- Opening Delimiter -
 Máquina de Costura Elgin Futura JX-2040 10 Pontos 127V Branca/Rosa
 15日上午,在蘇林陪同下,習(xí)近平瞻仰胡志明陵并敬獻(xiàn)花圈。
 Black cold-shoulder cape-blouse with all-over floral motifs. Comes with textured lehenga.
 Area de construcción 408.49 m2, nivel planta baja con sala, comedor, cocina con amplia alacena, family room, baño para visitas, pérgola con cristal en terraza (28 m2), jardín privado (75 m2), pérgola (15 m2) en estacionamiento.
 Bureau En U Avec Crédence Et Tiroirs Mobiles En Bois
- Closing Delimiter -
- Opening Delimiter -
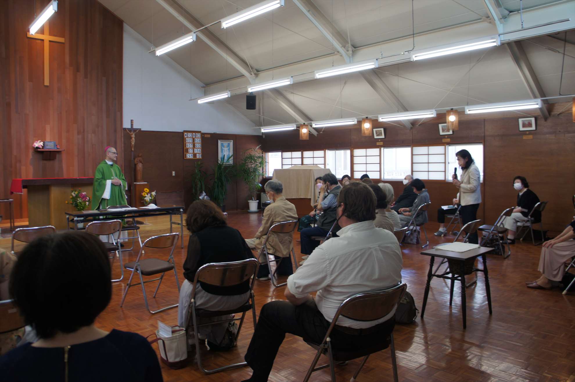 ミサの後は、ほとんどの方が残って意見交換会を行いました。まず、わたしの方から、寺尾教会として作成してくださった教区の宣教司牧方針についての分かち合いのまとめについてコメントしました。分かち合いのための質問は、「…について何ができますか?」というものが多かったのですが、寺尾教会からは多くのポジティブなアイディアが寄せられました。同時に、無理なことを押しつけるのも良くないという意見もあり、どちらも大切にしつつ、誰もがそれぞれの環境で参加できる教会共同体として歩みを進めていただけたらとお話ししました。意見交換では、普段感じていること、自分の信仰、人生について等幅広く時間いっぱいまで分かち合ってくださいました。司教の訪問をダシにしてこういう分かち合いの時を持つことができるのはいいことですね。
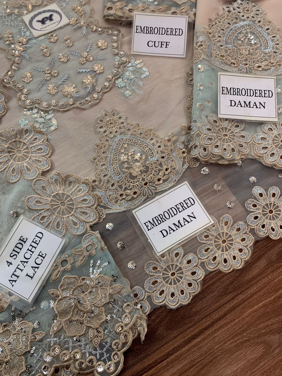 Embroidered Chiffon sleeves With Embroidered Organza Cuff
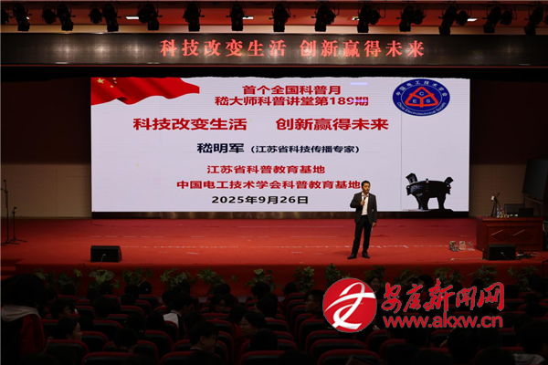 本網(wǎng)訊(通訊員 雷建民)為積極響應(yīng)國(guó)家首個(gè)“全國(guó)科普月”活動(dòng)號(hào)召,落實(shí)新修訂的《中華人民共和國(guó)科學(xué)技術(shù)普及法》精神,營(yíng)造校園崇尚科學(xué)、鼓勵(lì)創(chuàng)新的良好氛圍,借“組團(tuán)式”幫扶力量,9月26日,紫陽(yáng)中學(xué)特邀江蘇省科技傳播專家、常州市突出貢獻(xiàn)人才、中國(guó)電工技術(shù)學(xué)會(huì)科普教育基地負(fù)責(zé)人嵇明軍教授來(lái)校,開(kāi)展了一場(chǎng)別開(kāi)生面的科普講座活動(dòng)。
- Closing Delimiter -
_ACTIVITY_: Of the lines above, extract only those from the line with "Black cold-shoulder cape-blouse" to the line with "Bureau En U", both included, exactly as written.

_EXPECTED ANSWER_:
 Black cold-shoulder cape-blouse with all-over floral motifs. Comes with textured lehenga.
 Area de construcción 408.49 m2, nivel planta baja con sala, comedor, cocina con amplia alacena, family room, baño para visitas, pérgola con cristal en terraza (28 m2), jardín privado (75 m2), pérgola (15 m2) en estacionamiento.
 Bureau En U Avec Crédence Et Tiroirs Mobiles En Bois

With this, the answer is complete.